3.2 Jacobian-informed training
With this training dataset, we train \(\mathcal{R}_{\mathrm{nn}}(\mathbf{m}, \mathbf{m}_0)\) to approximate the generalized RTM mapping as defined in Equation 1. In addition to matching the RTM images, we enforce accuracy in the learned Jacobian along the \(\bar{\mathbf{V}}_r\). This encourages the neural operator to learn sensitivities that are consistent with the physical inversion process. The training loss is: \[ \begin{aligned} \mathcal{L}_\text{train}(\mathbf{m}, \mathbf{m}_0) = &\|\mathcal{R}_{\mathrm{nn}}(\mathbf{m}, \mathbf{m}_0) - \delta \mathbf{m}_{\mathrm{RTM}}\|^2_2 \\ &+ \lambda \|\Bigl(\frac{\partial \mathcal{R}_{\mathrm{nn}}}{\partial \mathbf{m}} \Bigr) (\mathbf{m}, \mathbf{m}_0)\bar{\mathbf{V}}_r - \Bigl(\frac{ \partial \mathcal{R}}{ \partial \mathbf{m}} \Bigr) (\mathbf{m}, \mathbf{m}_0)\bar{\mathbf{V}}_r\|^2_2. \end{aligned} \] This regularization term encourages the surrogate to learn inversion-relevant sensitivities, leading to more accurate gradient directions during inversion.
3.3 Least-Squares inversion with \(\mathcal{R}_{\mathrm{nn}}\)
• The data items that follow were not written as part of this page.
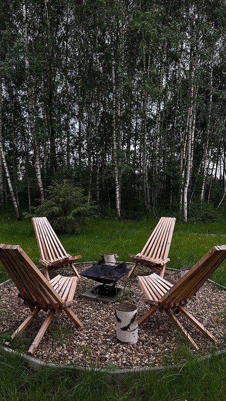 На территории глэмпинга расположено костровое место с уличной мебелью, а просторная беседка с мангальной зоной создает идеальные условия для барбекю и приятных встреч с близкими. Здесь вы сможете готовить изысканные блюда на гриле, наслаждаясь окружающей природа и беседой с близкими — что может быть лучше?
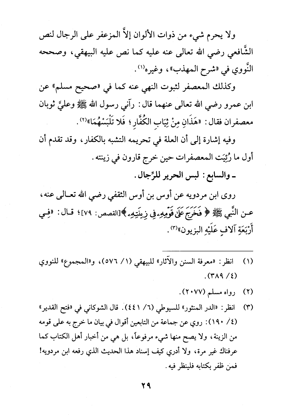 وكذلك المعصفر لثبوت النهي عنه كما في "صحيح مسلم" عن ابن عمرو رضي الله تعالى عنهما قال: رآني رسول الله -صلى الله عليه وسلم- وعليَّ ثوبان معصفران فقال: "هَذانِ مِنْ ثِيابِ الكُفَّارِ؛ فَلا تَلْبَسْهُمَا" (¬2).
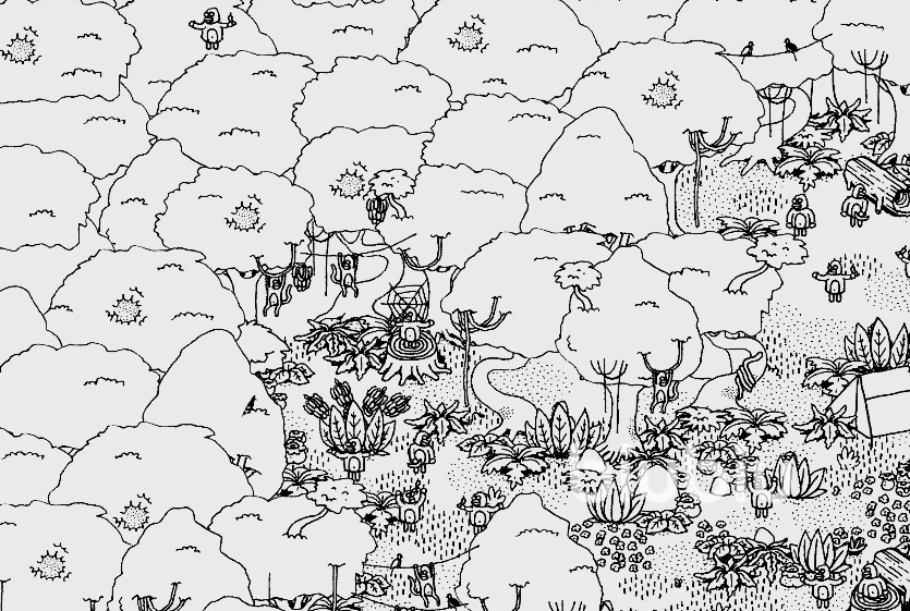 下面所找的角色是一位正在打太极的人物。整个地图上绝大部分的角色都在群魔乱舞,想找这么一位角色也确实难找。他的具体位置是在靠近右上方的位置,在一座独木桥上我们可以看到这角色正在打太极拳。下一位所给的提升很迷,只有一串尖叫声。我们只能知道找的是个猴子,我们在地图的最下面可以看到有两个猴子正在跳跃,其中右边的那个猴子就是我们所需要找的目标。
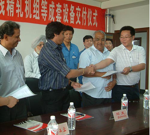 2008年8月我公司的高線精軋機組等設備成功出口印度SURANA公司,實現國產設計速度115m/s,保證速度95m/s的高線設備首次出口。
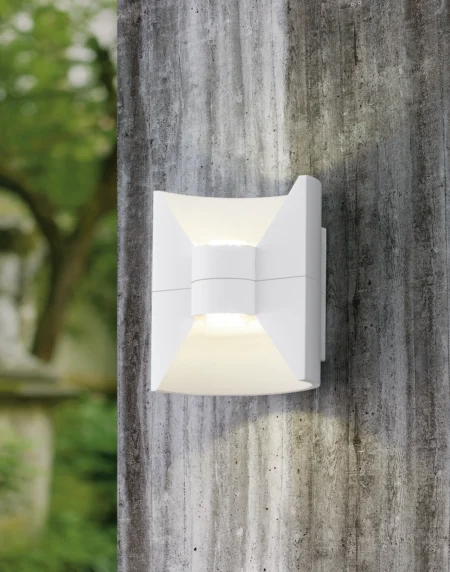 REDONDO 93367 Outdoor LED Wall Light – White Cast-Aluminium, 2×2.5W Integrated LEDs (360lm, 3000K), IP44, Corner-Mountable, 6.9″ H
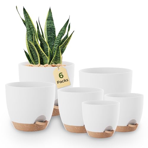 Bamworld Self Watering Plant Pots Indoor Set of 6, Plastic Flower Pots 12.7/14/15.2/16.5/17.8/20.3 cm with Saucers and Drainage Holes for Outdoor Windowsill Garden Decor(White)
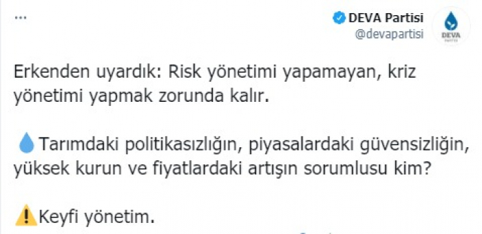 اتهم حزب ديفا التركي المعارض الرئيس رجب طيب أردوغان بالتسبب في انعدام الأمن وارتفاع أسعار الصرف والأزمات التي تعيشها تركيا نتيجة لإدارته التعسفية.

After training, the neural surrogate, \(\mathcal{R}_{\mathrm{nn}}\), is used within a least-squares inversion framework. Given an observed RTM image \(\delta \mathbf{m}_{\mathrm{RTM}}\), we estimate the velocity model by solving \[\min_\mathbf{m} \|\mathcal{R}_{\mathrm{nn}}(\mathbf{m}, \mathbf{m}_0) - \delta \mathbf{m}_{\mathrm{RTM}}\|^2_2 \: \: \text{s.t.} \: \|\nabla \mathbf{m}\|_1 \leq \tau,\] where the total variation (TV) constraint promotes piecewise-smooth structure while preserving sharp interfaces and \(\tau\) controls the strength of the TV constraint (Esser et al. 2018; Peters and Herrmann 2017).
4 Numerical Experiments
We compare standard neural operators trained only with forward prediction loss against the proposed Jacobian-informed training.
4.1 Training Setup
To create the dataset, we use Julia package, JUDI.jl (Witte et al. 2019; Louboutin et al. 2023). Velocity models and RTM images are discretized to 256 x 256 (E. Jones et al. 2012). In this work, we use 202 training samples and 22 test samples.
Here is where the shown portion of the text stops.